Ha Long Bay And On To Hoi An

Ha Long Bay And On To Hoi An

By

Leonard Zwelling

The two plus hour bus ride from downtown Hanoi to the boat dock at Ha Long Bay was boring, but at least it was on a highway with few motor bikes. The trip was broken up by yet another obligatory stop at a Vietnamese tourist trap, this one selling pearls. The store is decorated with pictures of Hillary Clinton, Margaret Thatcher and Angela Merkel, all in pearls and each suggesting that the powerful have all stopped by and bought pearls there. I really doubt it.

Having kept our Vietnamese money and Amex cards in our pockets we pressed further south and east to Ha Long Bay, a UNESCO preserved world heritage site. It is a beautiful expanse of limestone islands covered with trees. Fishermen still continue to make a living in its waters. But the Vietnamese have other plans. Disneyfication.

It’s not working as the shells of several abandoned buildings that were probably supposed to be luxury hotels or condos litter the road up to the dock where we boarded the boat on which we would live for the next 24 hours. This site of natural beauty may be a bit too close to the People’s Republic of China. I have been impressed that the internet is not a taken-for-granted thing here and that CNN in Viet Nam has a ten minute delay indicated by the fact that the posted time on the screen is always ten minutes behind the actual time. No Google in Beijing.

The gourmet food and service were exemplary on the small cruise ship (there were fewer than 15 people on board). The ship made its way to a docking site at an anchored position off shore where a small skip took us to the largest cave (Sung Sot) in the area. It is huge series of limestone rooms that the sea and rain had carved out of a mountain through which we walked. It was an interesting journey to see what nature has wrought through the stone. Another similar journey was taken the following morning in a driving rain to ascend the mountain trail of Ti Top Island named after the Russian cosmonaut Ghermann Titov, the second man to circle the Earth in space. Apparently he once visited the island best known for its over 400 ascending steps to the top for great views of the rest of Ha Long Bay. But this ascent is not the preferred activity on a rainy day. We did it anyway, but were glad to get back to the boat for breakfast and a long ride back toward Hanoi and the airport to fly to Da Nang near the city of Hoi An, known for its old district and many silk and tailoring shops.

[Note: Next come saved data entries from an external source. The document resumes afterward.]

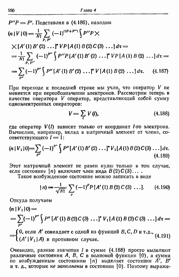 Очевидно, оператор перестановок будет обращать в нуль любую функцию вида (4.185), у которой А и В тождественно равны. Рассмотрим матричные элементы симметричного относительно перестановок координат электронов оператора возмущения V: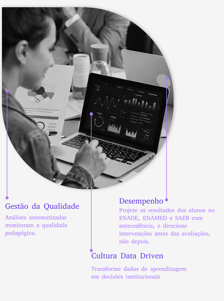 Os exames nacionais medem o que sua instituição realmente entregou em termos de aprendizagem. O problema é que a maioria das plataformas só mostra acesso e conclusão. Quando o resultado chega, já é tarde para intervir.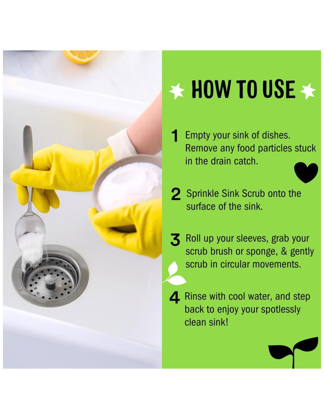 - CÓMO USAR: Espolvorea el fregado para fregadero sobre tu fregadero, bañera, inodoro o superficie. Frota suavemente con una esponja o cepillo. Enjuaga con agua.

Our new guide was Quoc, a native of the highlands with vivid boyhood memories of the Tet Offensive in 1968. This was a key battle won by the Americans but which demonstrated the resolve of the North and hastened the influx of more American troops, to no avail. It was the beginning of the end of the American public’s support for the Viet Nam War.

Hoi An’s old city is the center of tourism and commerce in the area. Da Nang, the city into which we flew, was most known in the war for the huge U. S. Air Force base there. The remnants of big hangars are visible from the road from Da Nang to Hoi An.

Now Hoi An is tourist destination and the narrow streets of the old city teem with people from all over the world looking for bargain deals on trinkets, clothing, shoes and especially silk. I actually got to see real silk worms eat the mulberry bushes that lead them to form the silk cocoons that are harvested and turned into fabric and woven right there in the store. I had always wanted to see where silk came from and now I had.

This place, like Hanoi, is shocking in its display of rampant capitalism in this Communist country, but our guide reminds us that there are only 5 Communist countries left in the world—Viet Nam, North Korea, Cuba, China and Laos. (Russia is not officially a Communist country although a Communist Party still exists there and in other countries).

Once again, the message from Viet Nam is that we may have lost the war, but we are winning the peace. Like life, freedom will find a way.